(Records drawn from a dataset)
————
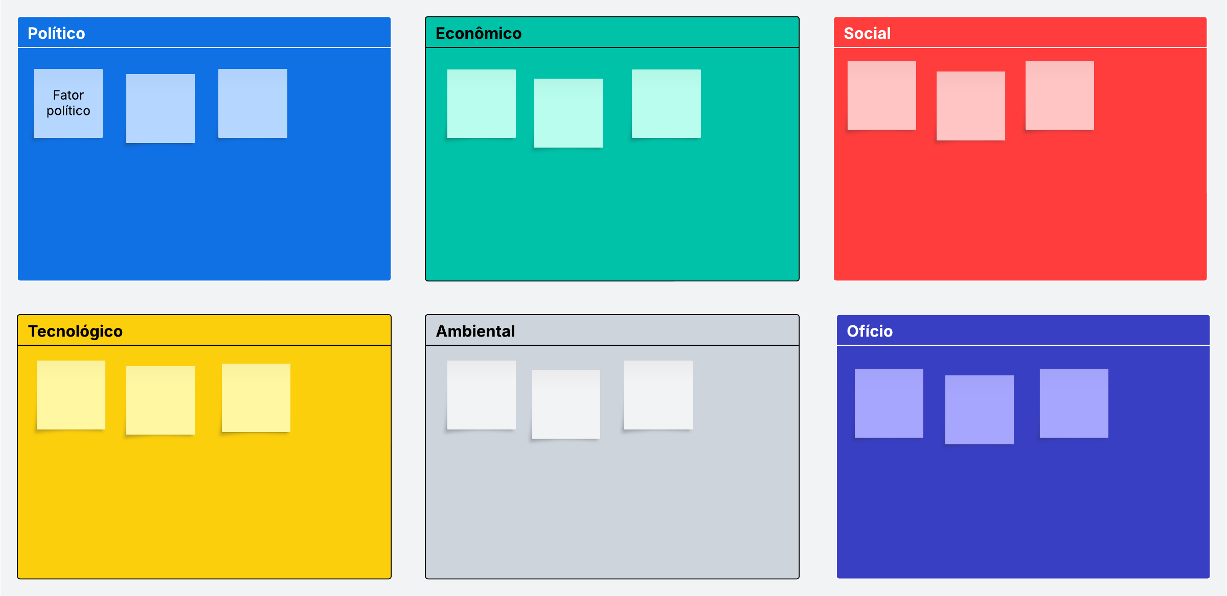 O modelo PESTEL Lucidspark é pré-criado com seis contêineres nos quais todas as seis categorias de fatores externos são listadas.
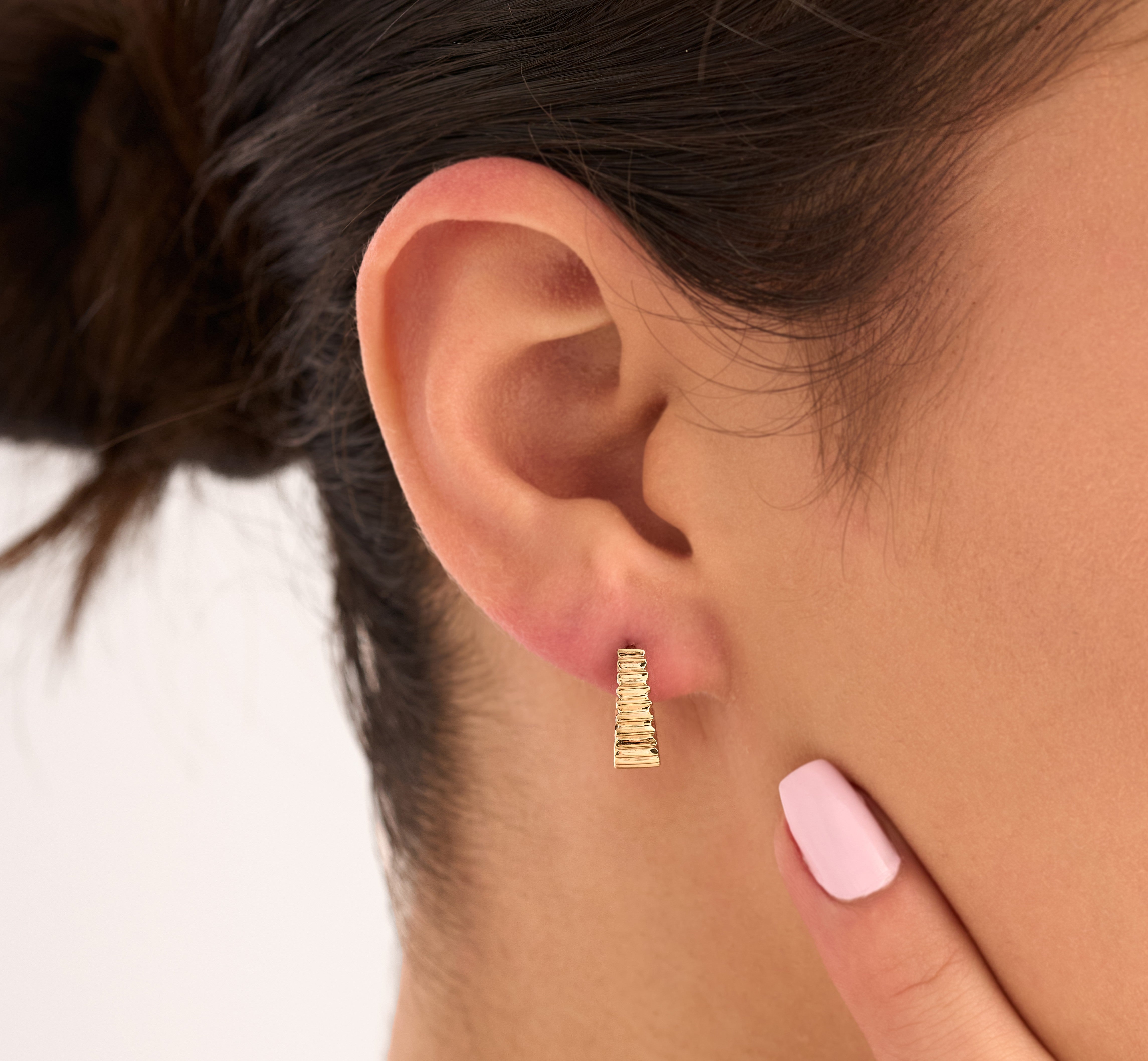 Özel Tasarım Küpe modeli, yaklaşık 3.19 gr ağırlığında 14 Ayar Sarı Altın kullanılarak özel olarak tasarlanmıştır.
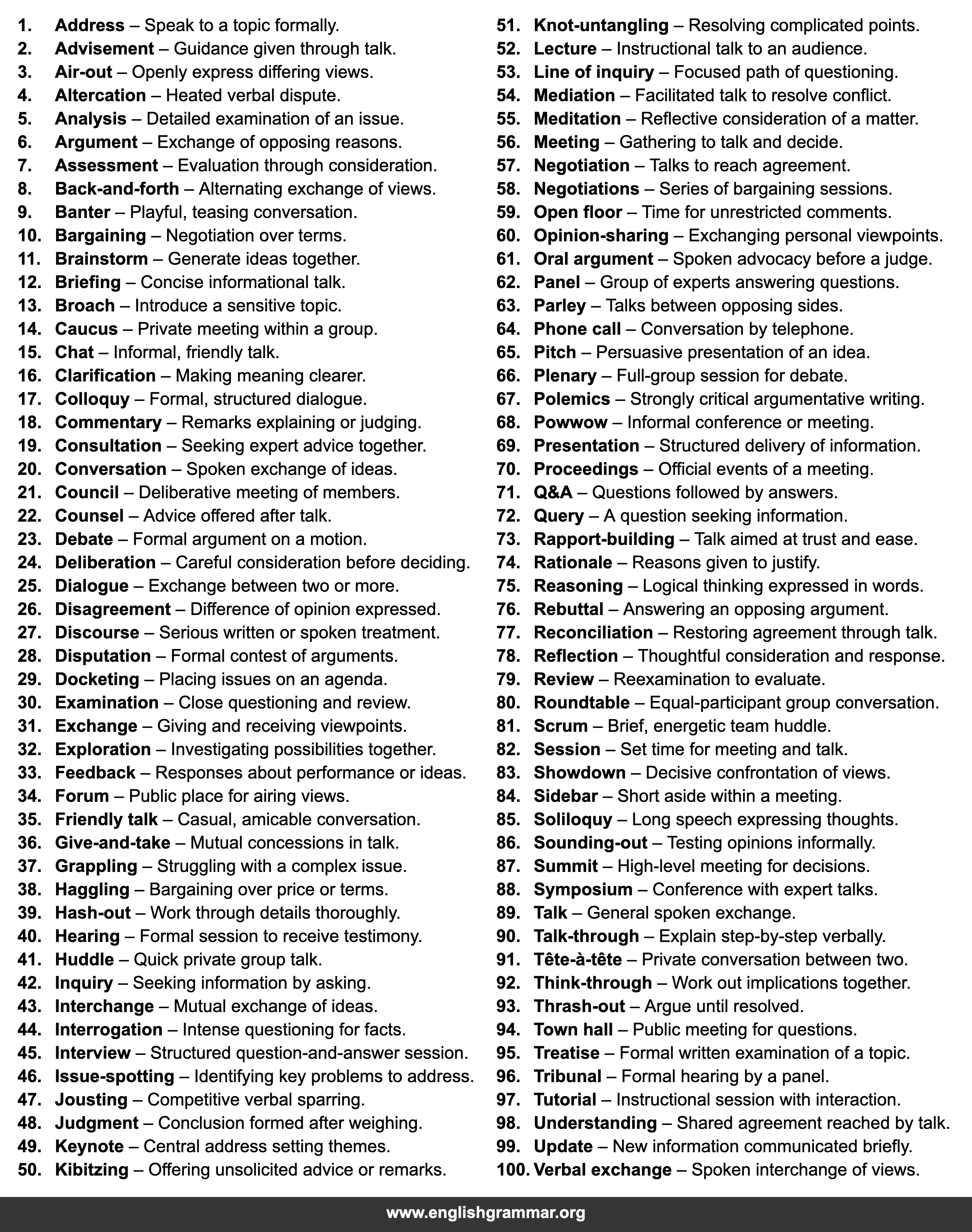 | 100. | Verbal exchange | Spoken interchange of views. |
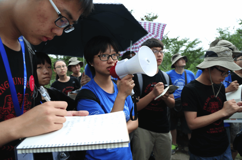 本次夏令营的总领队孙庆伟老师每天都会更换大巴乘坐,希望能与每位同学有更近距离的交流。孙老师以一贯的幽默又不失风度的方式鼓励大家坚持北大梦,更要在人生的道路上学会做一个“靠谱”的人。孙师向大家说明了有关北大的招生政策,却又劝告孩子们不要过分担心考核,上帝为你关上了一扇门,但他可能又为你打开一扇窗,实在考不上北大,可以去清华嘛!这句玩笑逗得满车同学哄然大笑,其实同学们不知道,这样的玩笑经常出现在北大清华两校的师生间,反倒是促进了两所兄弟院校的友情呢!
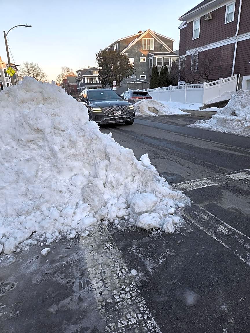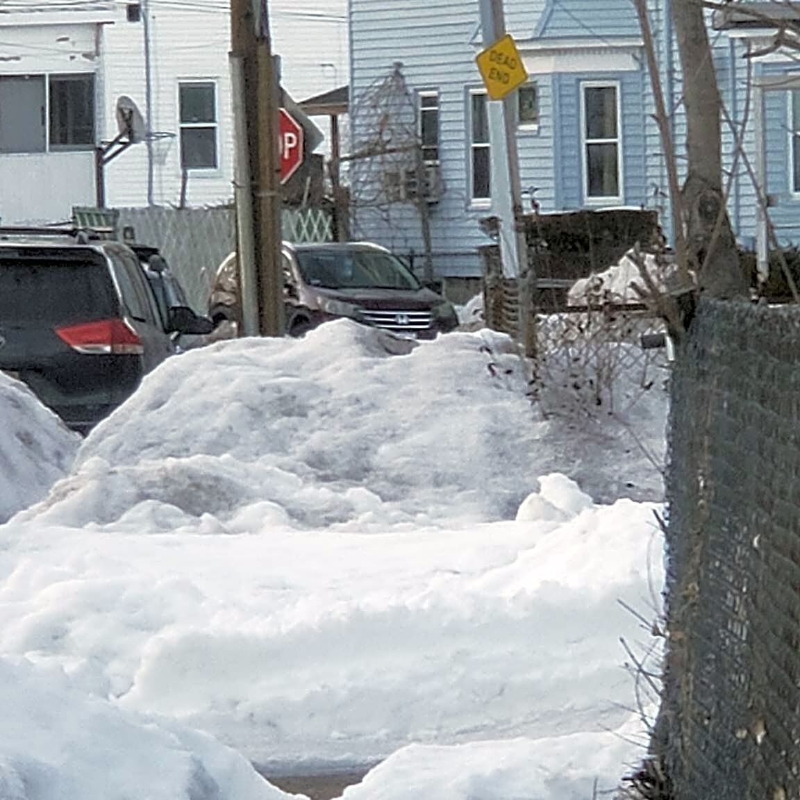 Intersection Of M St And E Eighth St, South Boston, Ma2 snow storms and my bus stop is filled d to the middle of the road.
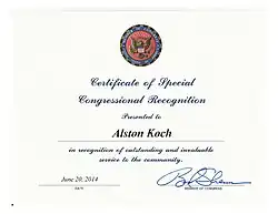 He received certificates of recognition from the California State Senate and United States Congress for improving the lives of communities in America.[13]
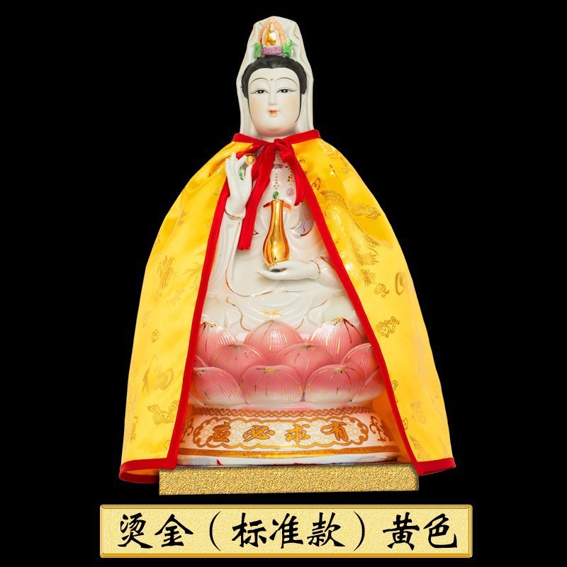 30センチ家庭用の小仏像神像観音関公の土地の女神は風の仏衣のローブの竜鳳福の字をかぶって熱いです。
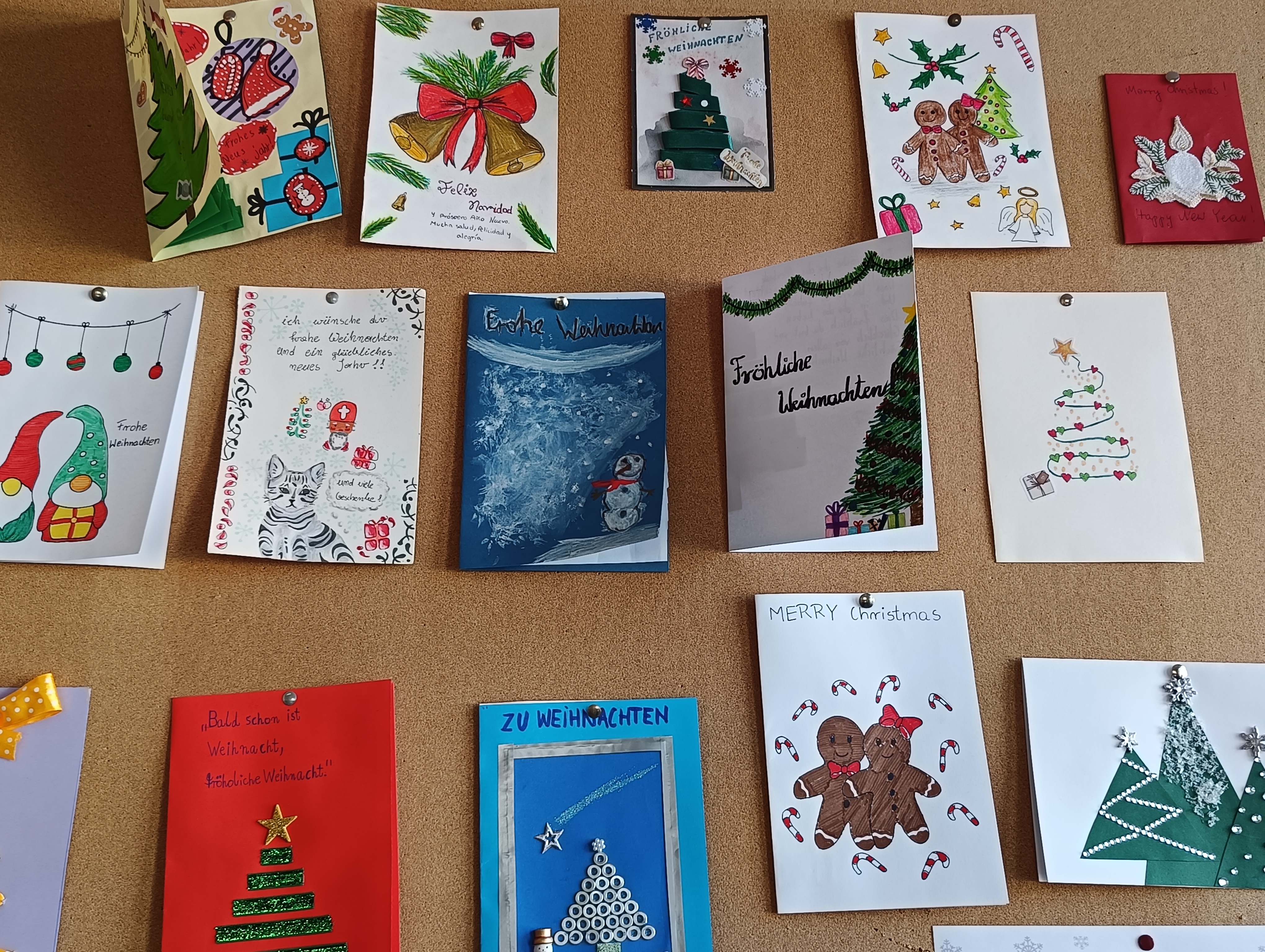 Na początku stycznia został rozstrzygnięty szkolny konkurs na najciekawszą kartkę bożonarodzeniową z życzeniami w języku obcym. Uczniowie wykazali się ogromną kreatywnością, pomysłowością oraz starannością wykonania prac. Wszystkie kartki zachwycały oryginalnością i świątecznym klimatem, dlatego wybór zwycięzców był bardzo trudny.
————
- **The problem**
The lines to set down run from the line with "Intersection Of M" up to and including the line with "30センチ家庭用の小仏像神像" in the entries above. Reproduce them exactly, with no pictures.

- **Task result**
 Intersection Of M St And E Eighth St, South Boston, Ma2 snow storms and my bus stop is filled d to the middle of the road.
 He received certificates of recognition from the California State Senate and United States Congress for improving the lives of communities in America.[13]
 30センチ家庭用の小仏像神像観音関公の土地の女神は風の仏衣のローブの竜鳳福の字をかぶって熱いです。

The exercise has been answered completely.